A bill of rights for South African culture

August 21, 1991
Issue 

South African artists must consolidate the gains made through the liberation struggle by means of a Bill of Rights, according to African National Congress constitutional lawyer Albie Sachs.

At the recent Grahamstown National Arts Festival, Sachs argued that culture should be "a highway to our common humanity" instead of keeping South Africa's communities apart.

"A Bill of Rights draws its strengths from the fact that it speaks for all South Africans, not just for this or that group. Its central tenet in relation to artistic freedom is that everyone has the right to both be a creator and to enjoy the creations of others. It is essentially universalist in character.

"We want an art that is vivacious and self-confident, that speaks in its own voice, that is prepared to take chances, explore the new while rediscovering the old.

"We do not attempt to constitutionalise any specific policy towards culture but rather seek to create a framework of clear principles within which such policies can be worked out."

Sachs argued that art was the "enemy of definition. It revels in surprise and contradictions. Straight lines are the province of mathematics, not of art, which deals with strange and hidden contours of subjectivity, rather than the smooth symmetries of logic."

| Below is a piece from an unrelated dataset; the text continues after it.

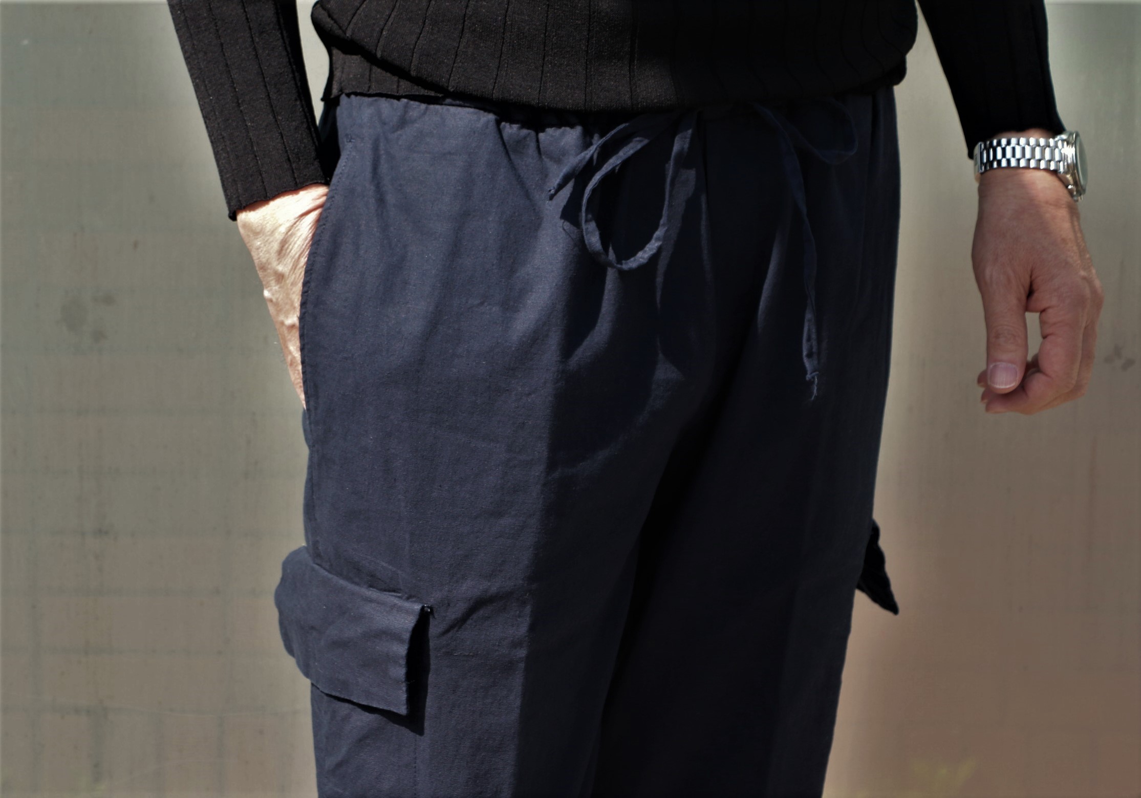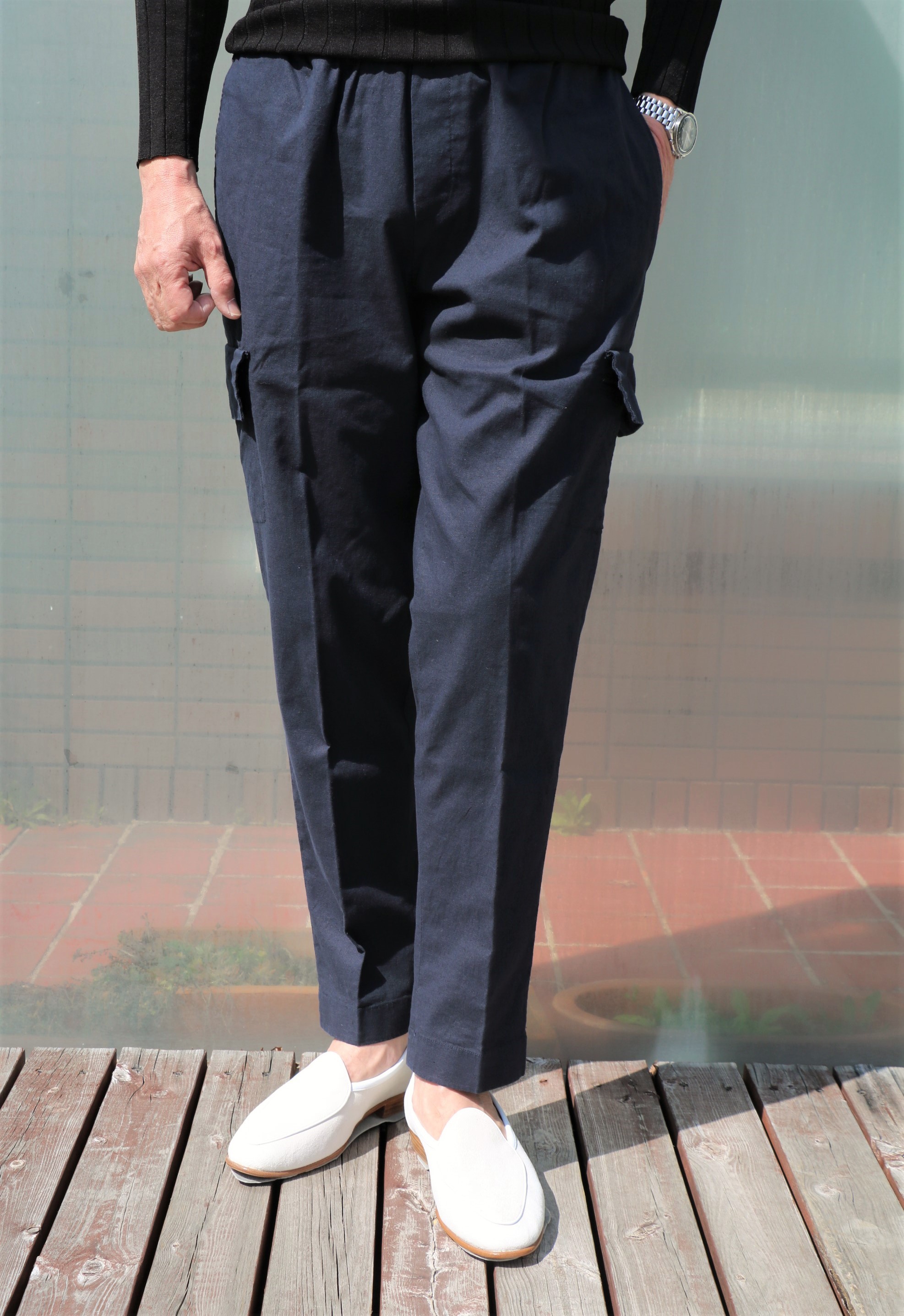 ネイビー好きにとって、夏のネイビーパンツには自ずから力が入ります。今季、ネイビーでセレクトしたパンツは、eleventy(イレヴンティ)のストレッチカーゴ、INCOTEX(インコテックス)の「後染めコットンチノパンツ」。そして、この【Borelio/ボレリオ】の新型モデル「CALLEN」。ドローコード付きシャーリングパンツ「CHAD2」にカーゴポケットが付いたモデルです。

Culture, he claimed, was "right at the centre" of the inquiry into the "huge questions" that needed to be faced in South Africa. One of the characteristics of white domination was that it sought to control everything, including the process of its own removal.

"We are told that the only issue now is the question of protecting minority rights, surely a most estimable objective except that the minority in this case wishes to protect its right to own 90% of the country's wealth, control the army, the police force and the civil service, to veto government actions, to dictate what the goals of educational and cultural policy should be, and to organise the spending of funds for the arts."

He had been disappointed, he said, to discover on his return to South Africa how little true cultural rights meant to the majority of whites.

"When reference is made to zones of cultural preference, we know what is really meant: not a genuine language policy that takes

into account regional language use, but privatised and localised apartheid. Instead of culture being the highway to discovering our common humanity, it becomes the means once more of keeping us apart."

The diversity of the ANC approach is obvious in that the organisation recognises 11 languages as bona fide languages of South Africa and refuses to give any language a higher status than the other.

The bill guarantees freedom of worship and tolerance of all religions, but adds that "no official state religion shall be established".

Sachs' proposal reveals the ANC's desire for tolerance and openness: "We want to ban banning orders, censor censorship, protect ourselves from being protected against ourselves".

But the ANC opted for limitations on "the vexed question of pornography" and "materials or utterances that are intended to give offence to deeply held religious convictions".

Therefore "the state may enact legislation to prohibit the circulation or possession of materials which incite racial, ethnic, religious, gender or a linguistic hatred, which provoke violence, or which insult, degrade gender or a linguistic group".